Dr. McCollough has been an endangered species biologist for the U. S. Fish and Wildlife Service for the last 15 years. Before that he worked for Maine Department of Inland Fisheries and Wildlife and was leader of the Nongame and Endangered wildlife programs. Mark works on everything from bumble bees to Canada lynx to the elusive Furbish’s lousewort. Some may know that Mark is also a wildlife artist. You may own a piece of his art and not know it (Maine’s chickadee and loon automobile license plates as well as Maine’s latest endangered species poster).
Friends of Sears Island (FOSI) recently received a generous grant from the Davis Conservation Foundation to create “Science Squad,” a place-based after-school program involving children as citizen scientists. In the coming year, FOSI will host an after-school program once a month for 12 students and their parents, during each month that school is in session. This program will engage children throughout the seasons as explorers, researchers, and stewards of their local environment. They will also contribute valuable data to a variety of citizen science projects, including FOSI’s database of island biodiversity.
Future programs will be announced via our email list, and also on the website. If you would like to be added to our email list, please complete our contact form. Programs have filled up quickly, so be sure to sign up promptly!

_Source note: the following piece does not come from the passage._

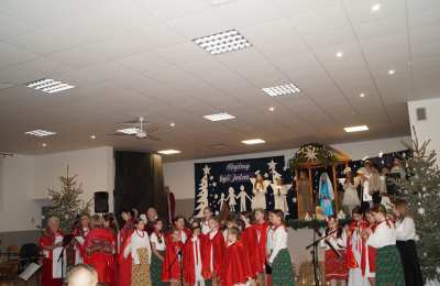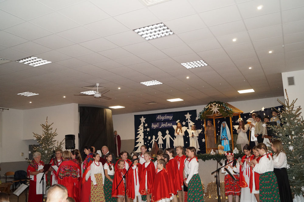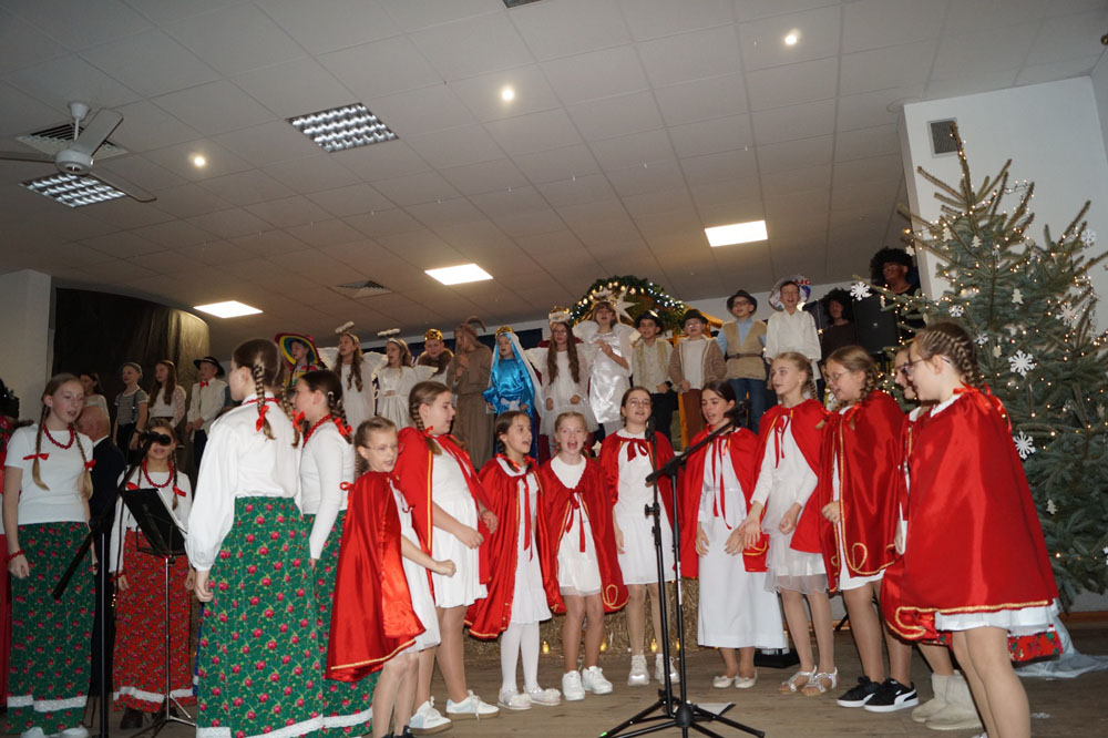 Następnie nasi konferansjerzy: Lena Kromarek i Dawid Krawiec powitali przybyłych gości. Potem głos oddali przedszkolakom z grupy „Żabki”, które zatańczyły „Pastorałkę prosto z nieba”. Natomiast w nastrój betlejemskiej nocy wprowadzili uczniowie z klas trzeciej i czwartej, którzy przedstawili przedstawienie jasełkowe w duchu misyjnym pod hasłem „Abyśmy byli jedno”.

Friends of Sears Island (FOSI) will hold its annual meeting on Tuesday, January 9, from 1:30-3:30 pm, in Union Hall on the second floor of the Searsport Town Office, 1 Union Street in Searsport. The meeting is open to the general public. Light refreshments will be served.
“This is a wonderful opportunity for anyone to learn more about our organization, and to become more involved,” according to board president Susan White. “At our annual meeting, we’ll take a look back at activities over the last year, and also a look ahead at opportunities and challenges in 2018. We are always looking for new members and new ideas to help fulfill our mission.”
The agenda for the annual meeting will include voting on a slate of board members and officers, the treasurer’s report on 2017 and the budget for 2018. Outreach coordinator Ashley Megquier will present highlights from the last year, and an overview of several programs in the works for the coming year. Following the annual meeting, the regular monthly business meeting will be held, with everyone invited to remain and participate.